Une location meublée, y compris saisonnière, relève des bénéfices industriels et commerciaux. Le micro-BIC ou le régime réel s’applique selon les recettes, le type de meublé et les seuils en vigueur. Le réel permet notamment de déduire les charges et, sous conditions, d’amortir le logement et son mobilier.
Pour un hôtel particulier destiné à accueillir des voyageurs, la rentabilité doit intégrer la taxe de séjour, les plateformes, le ménage et la vacance hors saison. La commune peut encadrer le changement d’usage ou l’enregistrement. Ce guide de la fiscalité des locations saisonnières détaille les déclarations à prévoir.
- La CFE peut s’appliquer à une activité de location meublée habituelle.

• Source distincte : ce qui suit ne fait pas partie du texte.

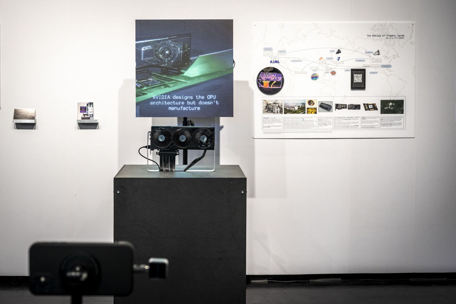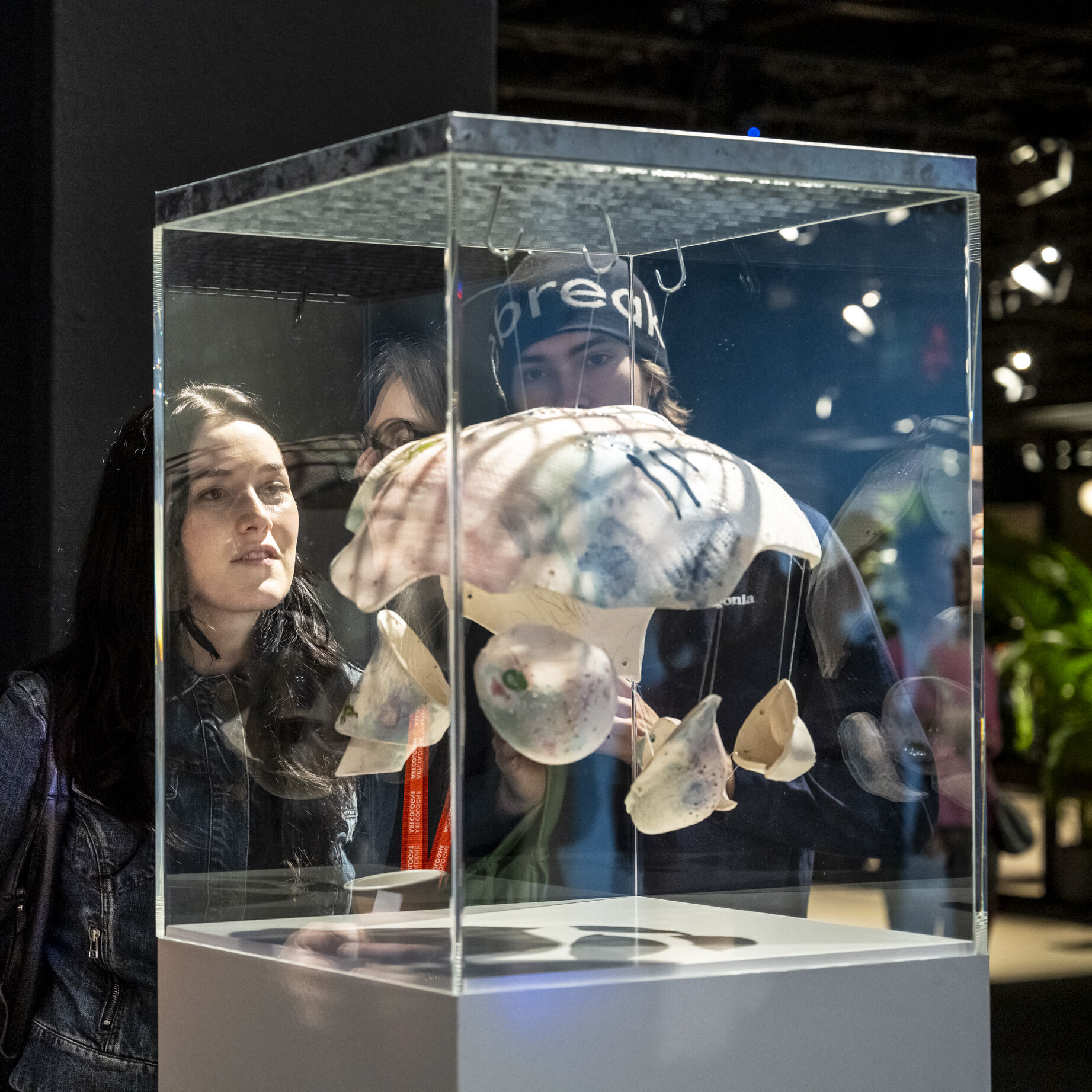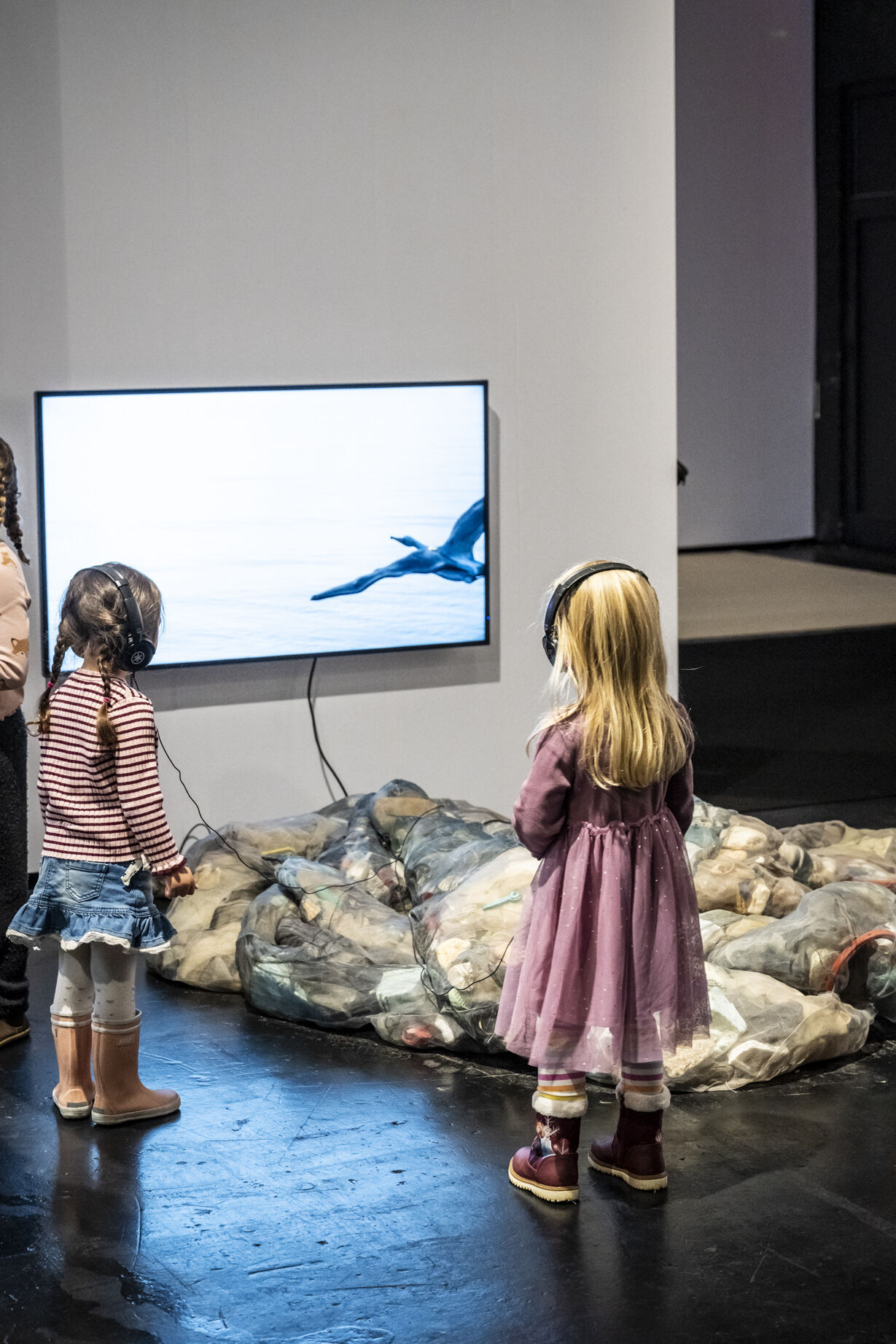 Mit „ACID Ranch 2.0“ (2020-2025) lädt Emil Adam das Publikum zur Interaktion mit einem überlebensgroßen Diorama aus Spielzeugen und Technikkomponenten ein. Während hier die spielrische (Über-)Stimulation der Körper und Sinne durch Lichter, Sounds und haptische Funktionen im Vordergrund steht, macht Blanca Barbat in ihrer Videoinstallation „The body as a threshold“ (2025, 15 Min.) Moment der Trauer, Verstrickung und Verantwortung spürbar angesichts der existenziellen Bedrohung von Lebewesen durch Plastikmüll in den Weltmeeren. Alexandra Lex Nikitina imaginiert mit „Armored Bjära“ (2024) eine keramische Rüstung für eine phantastische künstliche Kreatur, ähnlich zerstörerisch wie die robotisierten Waffen in globalen Konflikten. Wie formen materielle Beschränkungen, algorithmische Logik und politische Infrastrukturen ästhetische Qualitäten? Dieser Frage geht Tin-Chun Liu in seiner Installation „Heat Generator“ (2025) nach, einer Rückkopplungsmaschine, die sowohl Wärme als auch bewegte Bilder erzeugt. Die performative Installation „Movement 504“ von Conrad Weise und Kjell Wistoff bildet dreidimensional im Maßstab 78:1 die „Slide to Unlock”-Oberfläche von Apple aus aufblasbarem PVC nach. Als buchstäbliche Rutsche konzipiert bietet sich die Möglichkeit, die patentierte „Movement 504”-Geste mit dem gesamten Körper auszuführen. Maja Funkes künstlerische Arbeiten wiederum entstehen in Synergie mit ihrem elektronischen Umfeld und finden ihre Form in multimedialen Übersetzungen und investigativen Performances, wie in „Réalisée au titre du droit“ (2024), die letztes Jahr in Paris stattgefunden hat.

- La taxe d’habitation reste due sur une résidence secondaire conservée à disposition du propriétaire.
- L’IFI concerne les foyers dont le patrimoine immobilier net taxable dépasse 1,3 million d’euros au 1er janvier.
À la revente, calculer la plus-value avant de fixer son prix
Hors exonération, la plus-value immobilière d’un particulier est taxée à 19 %, auxquels s’ajoutent 17,2 % de prélèvements sociaux. La base correspond au prix de vente, diminué des frais admis, moins le prix d’achat majoré des frais et travaux éligibles. Une surtaxe s’ajoute lorsque la plus-value imposable dépasse 50 000 euros.
Les frais d’acquisition peuvent être retenus pour leur montant réel ou, sur justificatifs inutiles, au forfait de 7,5 %. Après cinq ans de détention, le vendeur peut aussi retenir un forfait travaux de 15 % du prix d’achat, sous réserve des règles applicables. Les travaux déjà déduits des revenus locatifs ne peuvent pas être comptés une seconde fois.
L’abattement pour durée de détention exonère l’impôt sur le revenu après 22 ans et les prélèvements sociaux après 30 ans. La vente de la résidence principale est en principe exonérée. Les règles, exonérations et justificatifs sont présentés par l’administration fiscale.
Hôtel particulier : ce qu’il faut retenir
Le projet gagne à être chiffré avec trois scénarios distincts : usage privé, location nue et location meublée. Il faut y intégrer les frais d’acte, la fiscalité annuelle, le coût des travaux et la fiscalité de sortie. Un calendrier de conservation des pièces facilite ensuite la déclaration des revenus comme le calcul de la revente.
Pour anticiper ce dernier point, consultez aussi le détail du calcul de la plus-value immobilière en Baie de Somme. Dans une demeure ancienne, la qualité des justificatifs compte autant que leur montant.